Finding a specific series sum $\sum_{k=1}^{i-1}(\frac{((ak^3+a(1-2i+2n)k^2+2b)}{2ak})^{-1}$

Question

I am stuck in this specific sum equation as below. Sum it $k$ is from $1$ to $i-1$ and others are static variables.

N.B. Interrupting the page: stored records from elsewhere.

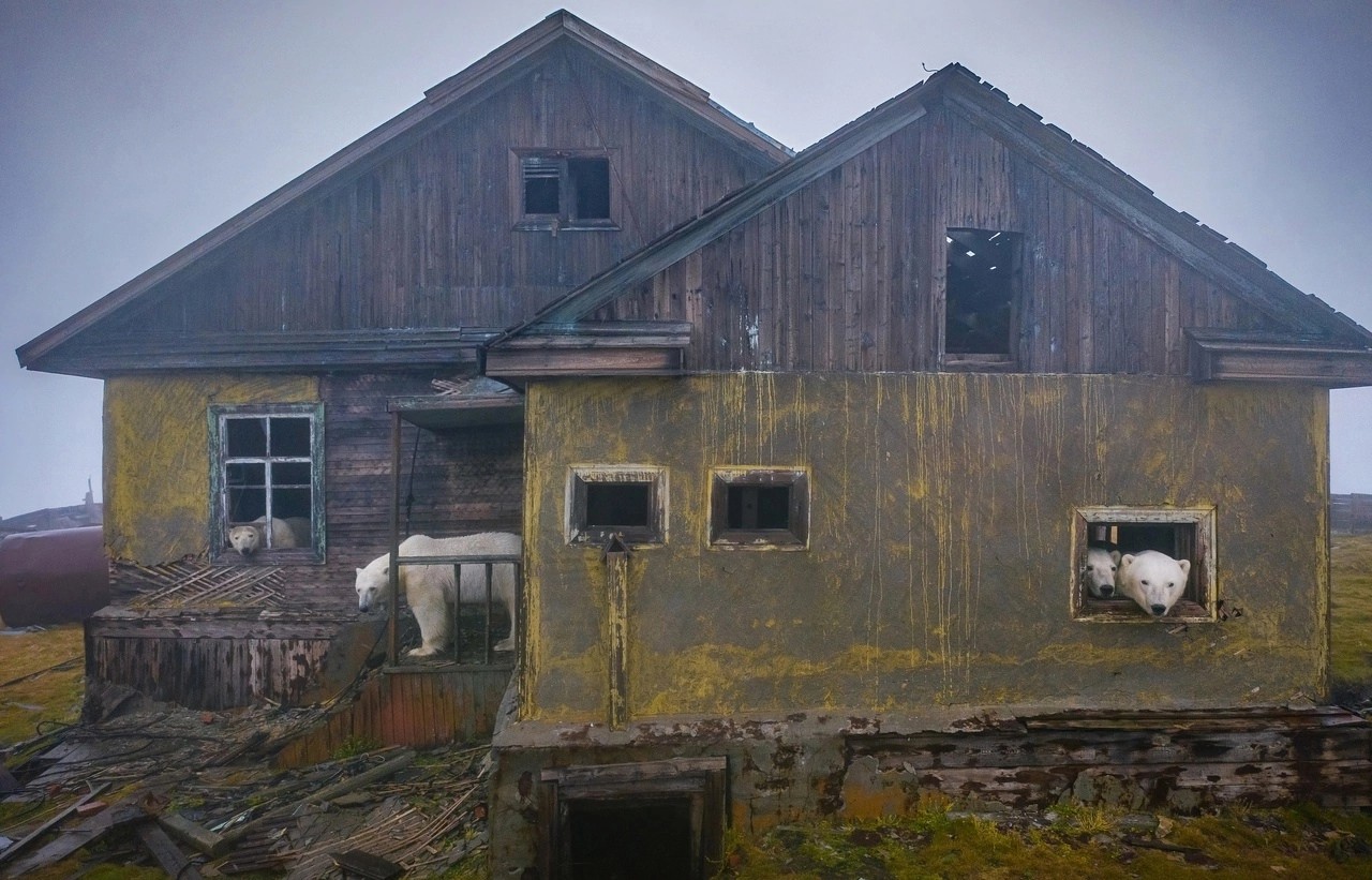 Дачный сезон. Автор завораживающих снимков стал победителем конкурса от National Geographichttps://www.amic.ru/news/ekologiya/dach ... cii-494928Фотограф Дмитрий Кох занял первое место в конкурсе "Дикая природа России" от журнала National Geographic в категории "Городские джунгли". Он запечатлел белых медведей, облюбовавших заброшенную метеостанцию на острове Колючин в Чукотском море. Свою работу под названием "Дачный сезон" автор сделал с квадрокоптера. Сама станция стоит отчуждённой уже почти 30 лет. В конце 1980-х годов на ней было всего несколько человек, а в 1992 году её закрыли.
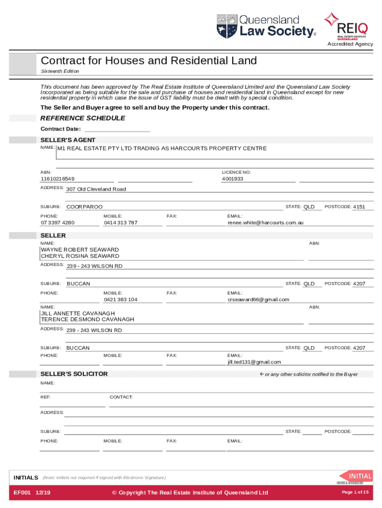 Sixteenth Editions document has been approved by The Real Estate Institute of Queensland Limited and the Queensland Law Society
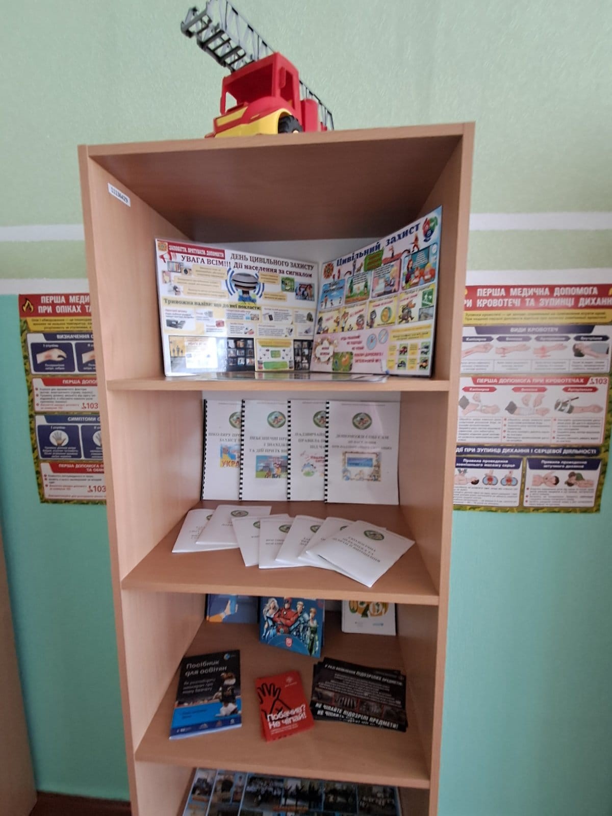 Сам кабінет поділили на кілька навчальних зон: зона мінної безпеки, пожежної безпеки, домедичної допомоги, безпеки життєдіяльності та зону психологічного розвантаження.
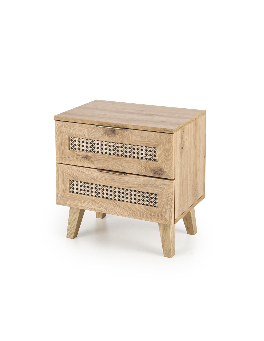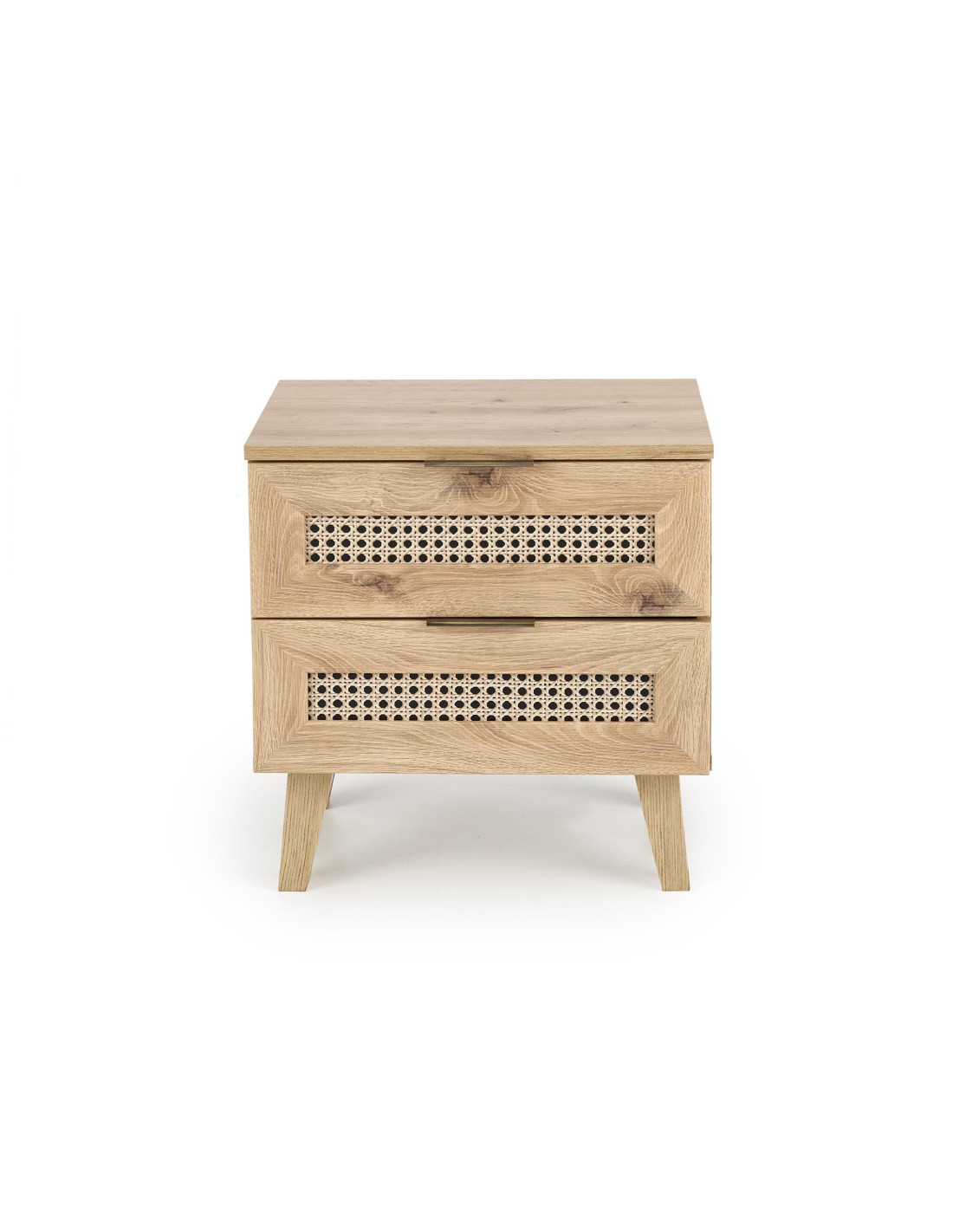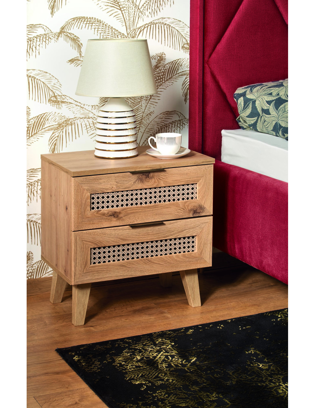 Fronty obu szuflad zdobi nadruk w stylu plecionki rattanowej. Dzięki temu szafka prezentuje się niezwykle lekko i dekoracyjnie, zachowując przy tym trwałość i łatwość w pielęgnacji. Stabilne, lekko rozstawione nóżki podkreślają nowoczesny charakter i nadają meblowi wizualnej lekkości, dzięki czemu szafka doskonale uzupełni wystrój każdej sypialni.
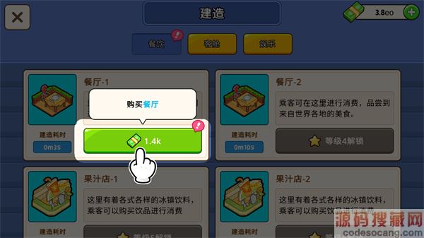 2、拥有足够多的货币后,点击建造即可建造餐饮、客舱以及各种娱乐设施,注意有些建造需要达到相应的等级要求。
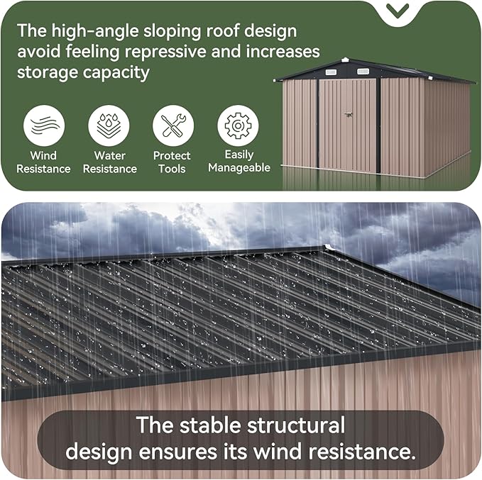 - Engineered Design for Protection & Security: Features a practical, water-shedding sloped roof that prevents pooling and leaks while maximizing usable interior height. Integrated ventilation ensures crucial airflow to reduce moisture buildup and protect stored items. The sturdy, lockable door provides convenient access and essential security for your valuables, giving you peace of mind.

Please help to find $\sum_{k=1}^{i-1}(\frac{((ak^3+a(1-2i+2n)k^2+2b)}{2ak})^{-1}$

I appreciated your helps. Thank you.

Answer 1

You are considering $$S_i=\sum_{k=1}^{i-1} \frac{2ak}{ak^3+a(1-2i+2n)k^2+2b}$$ I think that what I should do is to write $$ak^3+a(1-2i+2n)k^2+2b=a(k-r)(k-s)(k-t)$$ Now using partial fraction decomposition $$ \frac{2ak}{ak^3+a(1-2i+2n)k^2+2b}$$ write $$\frac{2 r}{(r-s) (r-t) (k-r)}-\frac{2 s}{(r-s) (s-t) (k-s)}-\frac{2 t}{(r-t) (t-s) (k-t)}$$ to face three summations looking like $$I_x=\sum_{k=1}^{i-1} \frac 1 {k-x}=H_{i-x-1}-H_{-x}$$

The problem will be to find the expressions of the roots $(r,s,t)$ but from a formal point of view we have the result.